**Task details**
Pictures stay out, but every line of the data is copied exactly.

**The data**
○ ○ ○ ○ ○ ○ ○
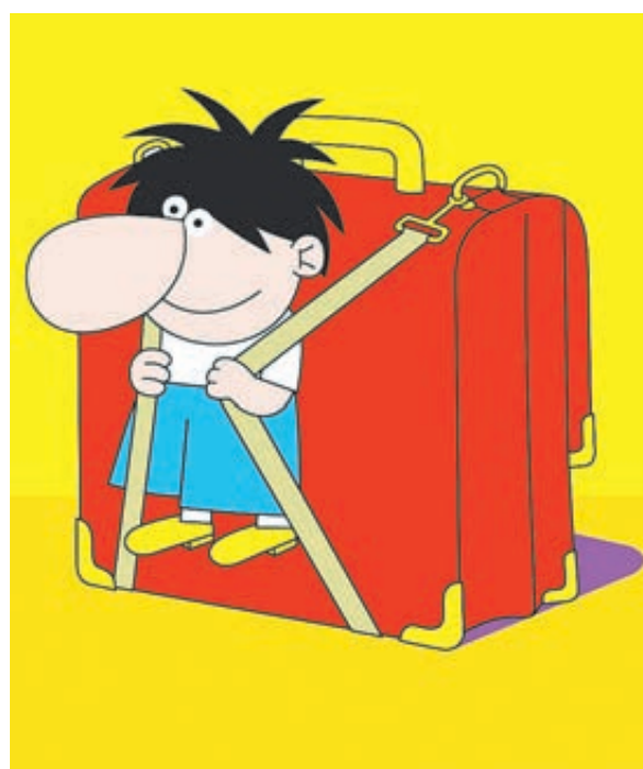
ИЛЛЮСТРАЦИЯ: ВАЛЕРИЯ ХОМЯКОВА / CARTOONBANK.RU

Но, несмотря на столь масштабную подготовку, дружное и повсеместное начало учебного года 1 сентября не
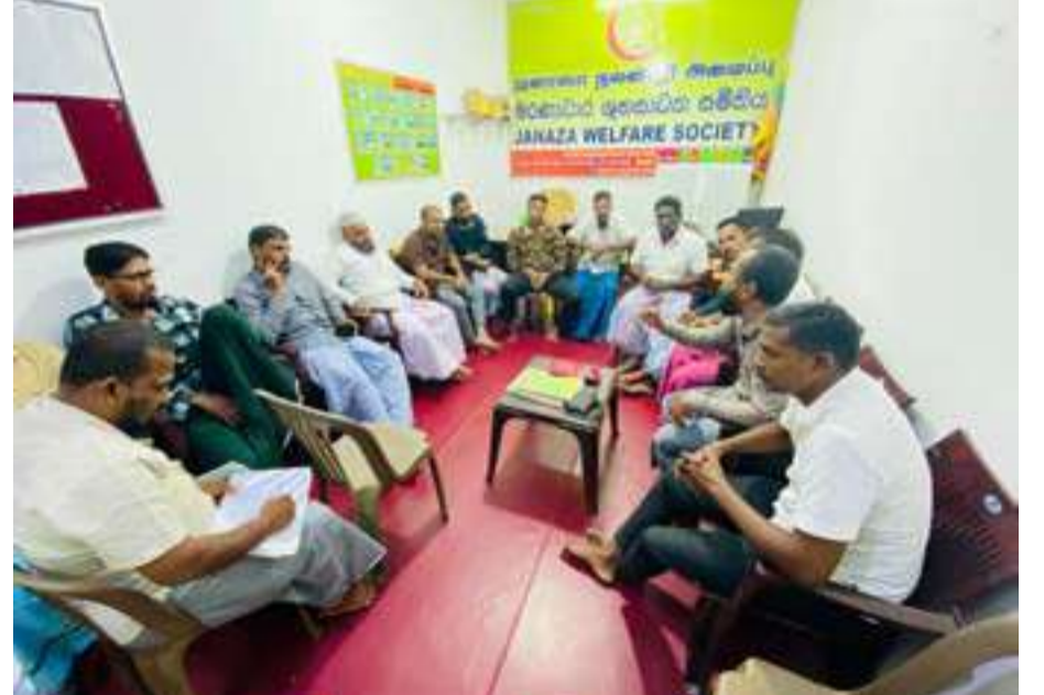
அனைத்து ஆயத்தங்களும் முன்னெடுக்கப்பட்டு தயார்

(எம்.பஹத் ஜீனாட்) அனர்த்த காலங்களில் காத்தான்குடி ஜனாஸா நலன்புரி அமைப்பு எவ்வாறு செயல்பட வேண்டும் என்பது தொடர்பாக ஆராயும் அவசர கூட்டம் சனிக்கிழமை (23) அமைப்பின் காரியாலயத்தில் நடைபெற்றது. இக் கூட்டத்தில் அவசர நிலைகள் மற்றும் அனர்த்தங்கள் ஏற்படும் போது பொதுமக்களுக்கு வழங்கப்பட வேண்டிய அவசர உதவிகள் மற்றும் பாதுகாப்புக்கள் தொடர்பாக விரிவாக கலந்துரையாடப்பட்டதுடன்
○ ○ ○ ○ ○ ○ ○
**Response below**
ИЛЛЮСТРАЦИЯ: ВАЛЕРИЯ ХОМЯКОВА / CARTOONBANK.RU

Но, несмотря на столь масштабную подготовку, дружное и повсеместное начало учебного года 1 сентября не
அனைத்து ஆயத்தங்களும் முன்னெடுக்கப்பட்டு தயார்

(எம்.பஹத் ஜீனாட்) அனர்த்த காலங்களில் காத்தான்குடி ஜனாஸா நலன்புரி அமைப்பு எவ்வாறு செயல்பட வேண்டும் என்பது தொடர்பாக ஆராயும் அவசர கூட்டம் சனிக்கிழமை (23) அமைப்பின் காரியாலயத்தில் நடைபெற்றது. இக் கூட்டத்தில் அவசர நிலைகள் மற்றும் அனர்த்தங்கள் ஏற்படும் போது பொதுமக்களுக்கு வழங்கப்பட வேண்டிய அவசர உதவிகள் மற்றும் பாதுகாப்புக்கள் தொடர்பாக விரிவாக கலந்துரையாடப்பட்டதுடன்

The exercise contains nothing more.